Our first e news letter
August 17, 2010
Well I am feeling a little worn out, projects are charging ahead, we’re planning next years and bidding for money, and at the same time I’m trying to do surveys and restore a house!
We have now completed all but three of our main barrier projects, and two of our habitat schemes. There is still some paperwork and tidying up to do but the work itself is done. Barrowford 3 should start on the 25th of this month and Hodder gauging weir before the end of the month. The other is the A59 road bridge which has people working on it as I type!
Much of this work and plenty of others is summed up in our first e-news letter:
We hope to do one of these a year as well as our usual newsletter.
The electro fishing goes well, however I’m being held up by low flows and high temperatures, the Dunsop yesterday was running at 19.2 degrees Celsius. The high temperature means low oxygen which can cause fish much stress if electro fished so we are going to have to wait until temperatures drop a little and water levels raise.
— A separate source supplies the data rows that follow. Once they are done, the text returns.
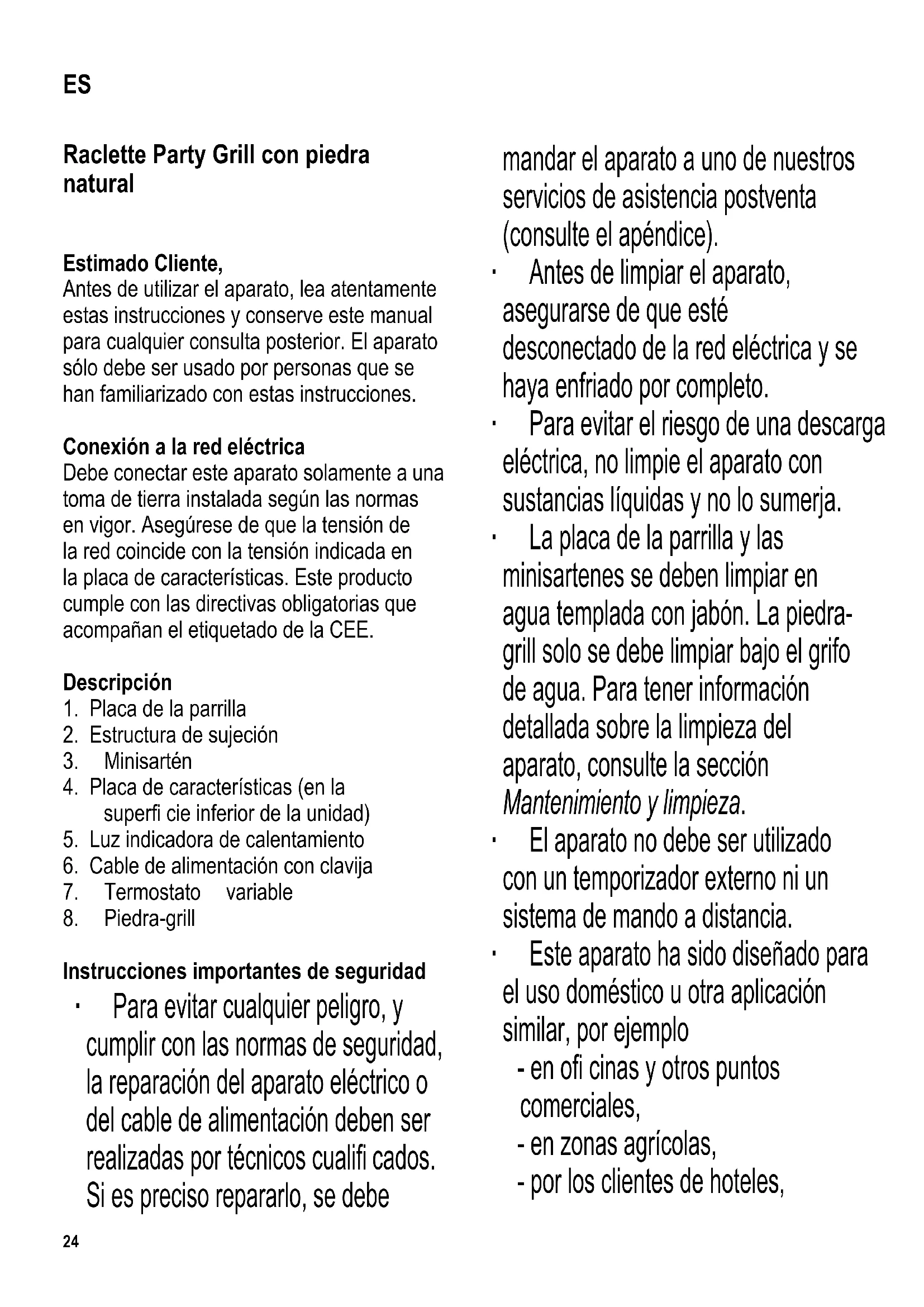 Instrucciones importantes de seguridad ∙ Para evitar cualquier peligro, y cumplir con las normas de seguridad, la reparación del aparato eléctrico o del cable de alimentación deben ser realizadas por técnicos cualifi cados. Si es preciso repararlo, se debe mandar el aparato a uno de nuestros servicios de asistencia postventa (consulte el apéndice). ∙ Antes de limpiar el aparato, asegurarse de que esté desconectado de la red eléctrica y se haya enfriado por completo. ∙ Para evitar el riesgo de una descarga eléctrica, no limpie el aparato con sustancias líquidas y no lo sumerja. ∙ La placa de la parrilla y las minisartenes se deben limpiar en agua templada con jabón. La piedra- grill solo se debe limpiar bajo el grifo de agua. Para tener información detallada sobre la limpieza del aparato, consulte la sección Mantenimiento y limpieza. ∙ El aparato no debe ser utilizado con un temporizador externo ni un sistema de mando a distancia. ∙ Este aparato ha sido diseñado para el uso doméstico u otra aplicación similar, por ejemplo - en ofi cinas y otros puntos comerciales, - en zonas agrícolas, - por los clientes de hoteles, ES25 pensiones, etc. y establecimientos similares, - en casas rurales. ∙ Este aparato podrá ser utilizado por niños (mayores de 8 años) y personas con reducidas facultades físicas, sensoriales o mentales, o sin experiencia ni conocimiento del producto, siempre que hayan recibido la supervisión o instrucciones referentes al uso del aparato y entiendan por completo el peligro y las precauciones de seguridad. ∙ Los niños no deben jugar con el aparato. ∙ No se debe permitir que los niños realicen ningún trabajo de limpieza o mantenimiento del aparato a menos que estén bajo vigilancia y tengan más de 8 años. ∙ El aparato y su cable eléctrico siempre se deben mantener fuera del alcance de niños menores de 8 años. ∙ Precaución: Mantenga a los niños alejados del material de embalaje, porque podría ser peligroso, existe el peligro de asfi xia. ∙ Antes de utilizar el aparato, es importante examinar detenidamente la carcasa, el cable eléctrico y cualquier accesorio instalado para detectar cualquier posible fallo o defecto. En caso de que el aparato haya caído sobre una superfi cie dura, o se haya tirado en exceso del cable de alimentación, no se deberá utilizar de nuevo: En caso de que el aparato caiga sobre una superfi cie dura, por ejemplo, no se debe utilizar de nuevo: incluso los desperfectos no visibles pueden tener efectos adversos sobre la seguridad en el uso del aparato. ∙ El cable se debe mantener sufi cientemente alejado de las partes calientes del aparato. ∙ Precaución: Peligro de quemaduras. La superfi cie del aparato, las zonas de la parrilla y las minisartenes se calientan durante el uso. ∙ No deje el aparato sin vigilar durante su funcionamiento. ∙ Durante el funcionamiento, se debe colocar el aparato sobre una superfi cie termorresistente, a prueba de salpicaduras y manchas. Cuando se cocinan alimentos con un contenido alto de grasa o humedad, no siempre se pueden evitar las salpicaduras. ∙ No coloque el grill junto a una pared ni esquina, y compruebe que no se guarda ningún material infl amable junto al grill. ∙ Antes de su utilización, la piedra-grill y la placa de la parrilla se deben colocar encima del aparato, sobre el componente térmico. ∙ Atención: No ponga el aparato en funcionamiento en el exterior. ∙ Desenchufe siempre el aparato - después del uso, - si hay una avería, y26 - antes de limpiarlo. ∙ Para desenchufar, no tire nunca del cable; coja la clavija. ∙ Este aparato sólo debe usarse con los accesorios suministrados por la fábrica. ∙ Antes de retirar la piedra-grill y la placa de la parrilla y antes de limpiar o guardar el aparato, siempre deberá esperar el tiempo necesario para que el aparato se enfríe. ∙ No se acepta responsabilidad en caso de averías debido al uso incorrecto del aparato o si estas instrucciones no han sido observadas debidamente. Modo de uso Antes del primer uso Retire por completo todo el material de embalaje. Antes de utilizar el grill por primera vez, limpie la piedra-grill, la placa de la parrilla y las minisartenes con un paño húmedo. Es aconsejable calentar el aparato y las sartenes durante 10 minutos aproximadamente, sin colocar ningún alimento, para eliminar el olor típico que se emitirá al encender el grill por primera vez. También se apreciará una pequeña cantidad de humo durante su utilización, por ello debe ventilarse la habitación durante su uso. Piedra ∙ Coloque la piedra sobre el componente térmico del aparato, con la cara suave hacia arriba. La parte central más gruesa de la piedra se debe apoyar sobre los dos rieles de la estructura de modo que esté correctamente sujeta. ∙ Cuidado: evite colocar la piedra fría sobre un elemento caliente. ∙ La piedra se puede utilizar para cocinar verduras, fi letes de carne o pescado, etc. según sea necesario. ∙ Esta piedra está hecha de material natural. Las pequeñas grietas producidas por la expansión y contracción durante el calentamiento y enfriamiento, así como un oscurecimiento, son normales y no tienen ningún efecto adverso. ∙ No coloque ningún alimento congelado ni alimentos que contengan vinagre (como pepinillos en vinagre o mostaza) sobre la piedra. Placa de la parrilla Antes de encender el aparato, coloque la placa encima del aparato sobre el componente térmico con la cara nervada hacia arriba, comprobando que los huecos de la base encajan sobre los rieles de la estructura de modo que la placa no se mueva. ∙ La placa de la parrilla se puede utilizar para preparar verdura, carne o pescado. Termostato variable ∙ El termostato variable controla el tiempo de funcionamiento del elemento térmico, y la luz indicadora señalará su estado operativo actual. Elemento térmico encendido = luz indicadora encendida Elemento térmico apagado = luz indicadora a
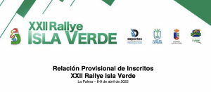 Publicamos la relación provisional de inscritos del XXII Rallye Isla Verde, cita del Campeonato de Canarias de Rallyes de Tierra que se disputará este fin de semana en la Villa de Garafía, La Palma. La lista oficial se publicará este miércoles a las 20:00 horas.
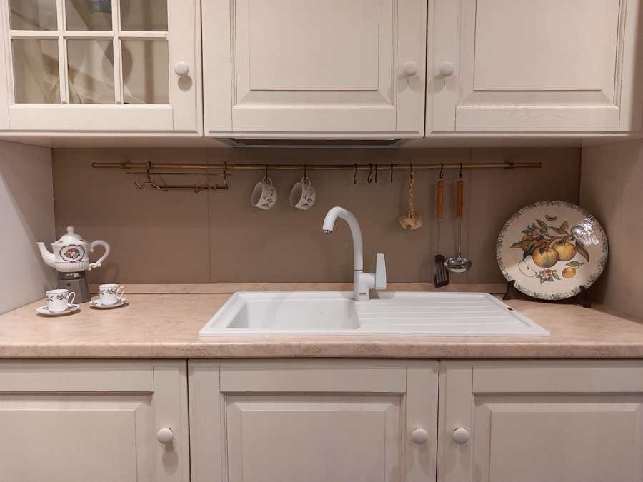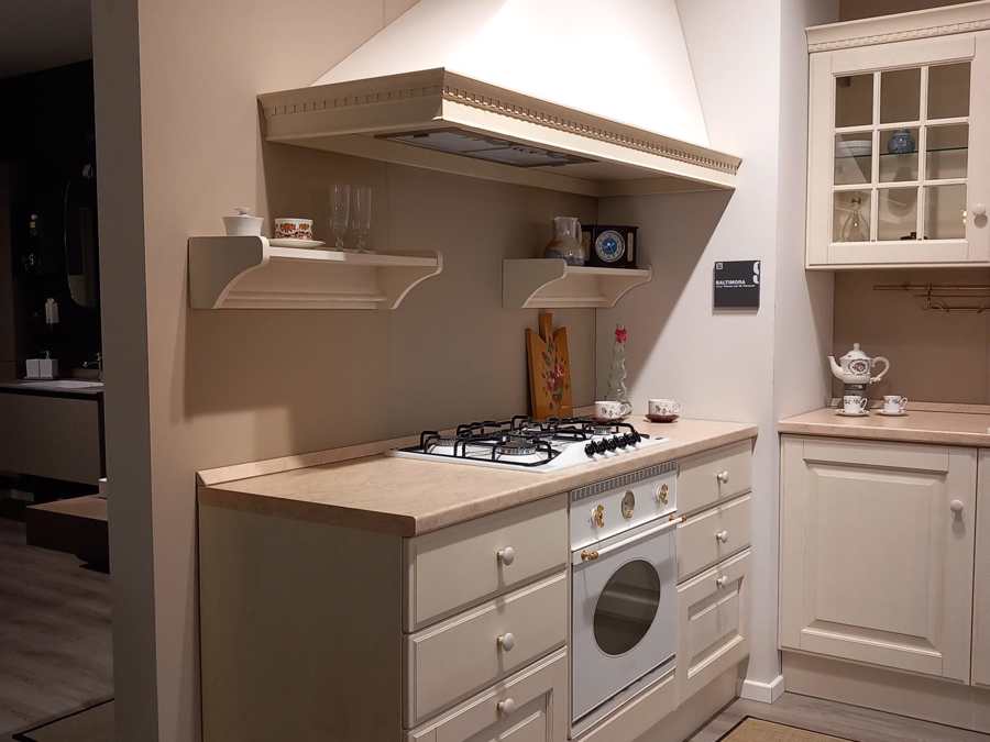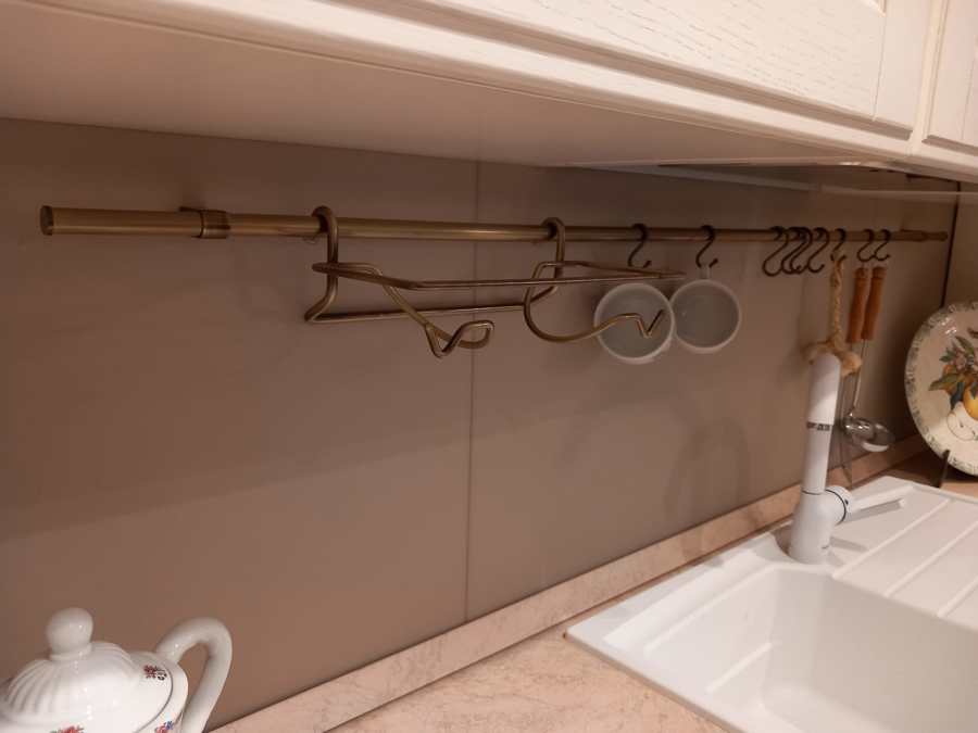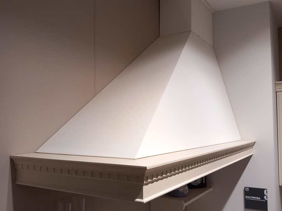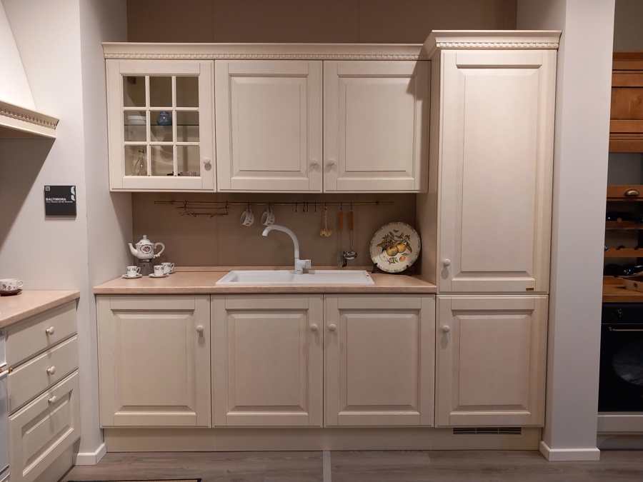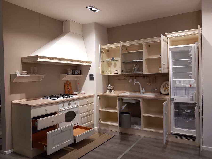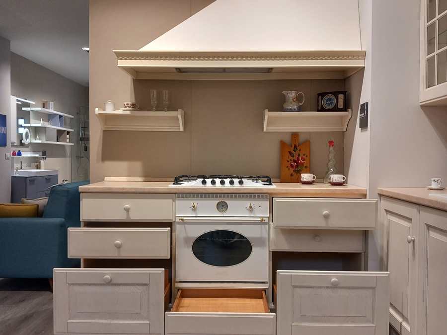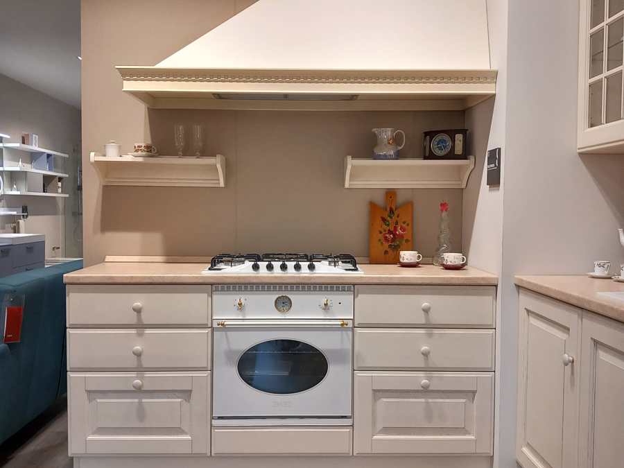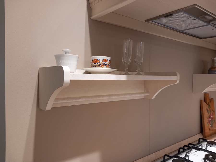 NOTE: La cucina è accessoriata con elementi a giorno uso mensole sagomati e barra porta mestoli in ottone anticato. La vetrinetta all’inglese e la cappa camino laterale sono i focus di questa composizione. La presente composizione è adattabile a tutti gli spazi abitativi. Siamo disponibili a modificare anche gli elettrodomestici con rimozione o sostituzione di uno o più degli stessi.
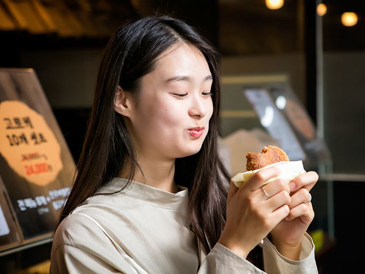 韓国のコロッケは日本の揚げパンに相当するおやつで、韓国でも老若男女すべての方に好まれています。全州(チョンジュ)市の人気観光エリア「全州韓屋村(チョンジュ・ハノンマウル)」にあるコロッケ専門店がSNSを中心に話題沸騰中!全州の郷土料理のビビンバやトッカルビを具材にしたものが大ヒットしています。ここでしか食べられないご当地コロッケなので「全州韓屋村で必ず食べたい!」と言われるまでになりました。一番人気は「全州ビビンバコロッケ」で、外はカリっと、中は野菜がたっぷり入ったジューシーな一品で、他にも「プルコギビビンバコロッケ」「トッカルビコロッケ」も人気です。1つずつ買って味を食べ比べてみませんか?食べ歩きおやつにピッタリです。
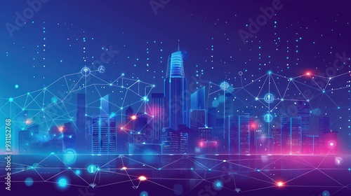 city landscape, network, technology, digital, future, urban, futuristic, connected, smart, city, skyscraper, building, datum, communication, cyberspace, web, virtual, abstract, illustration, design, graphic, art, blue, purple, night, line, point, glowing, neon, style, modern, concept, innovation, progress, global, evolution, transformation
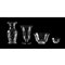 Servizio macedonia in vetro soffiato trasparente e oro composto da una coppa grande e 6 coppette. Due vasi in vetro trasparente.
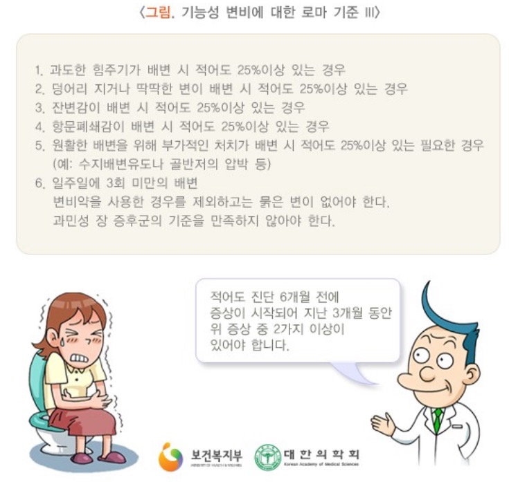 변비 환자들이 호소하는 증상은 매우 다양하여 단지 배변 횟수만으로 변비를 진단하기 어려운 경우가 많습니다. 따라서 이를 해결하기 위해 여러 학자들이 주기적으로 모여 6가지 대표적인 증상으로 변비의 객관적인 기준을 정하고 있는데 이를 로마기준이라 부릅니다.
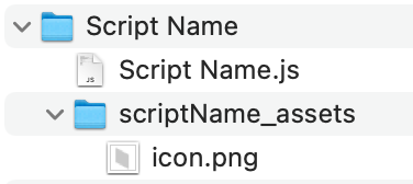 If a script has assets (for example images), these should be placed inside a folder with the suffix _assets. Any directory ending with _assets will be hidden when navigating the Scripts menu.

What a difference from last year!
Yesterday I was witness to the full effect of the abstraction on the Whitendale, with good flows going into the abstraction point and nothing passing to the river channel below. But it was heartening to think that after the hard work of many organisations on the catchment that the flow alleviation scheme has now been given the full go ahead and work will soon start to make sure that there is always some water going down the river from the abstraction point. This will help not just fish but invertebrates, birds and otters (of which we found several spraints yesterday!).
Walkers passing us electro fishing yesterday were really excited by the fish and inverts, plus the signs of otters, it just goes to show the interest there is in rivers beyond those with direct interests like anglers!
I hope that our projects for next year on the Calder catchment (The Urban Rivers Enhancement Scheme or URES) get funded as we can bring wildlife and interest to people of the Calder catchment who probably haven’t seen such things on their doorsteps in many years. And when you can see the wildlife that rivers can support you can generate a new found respect for the environment, not just in the water but all around you… so cross you fingers!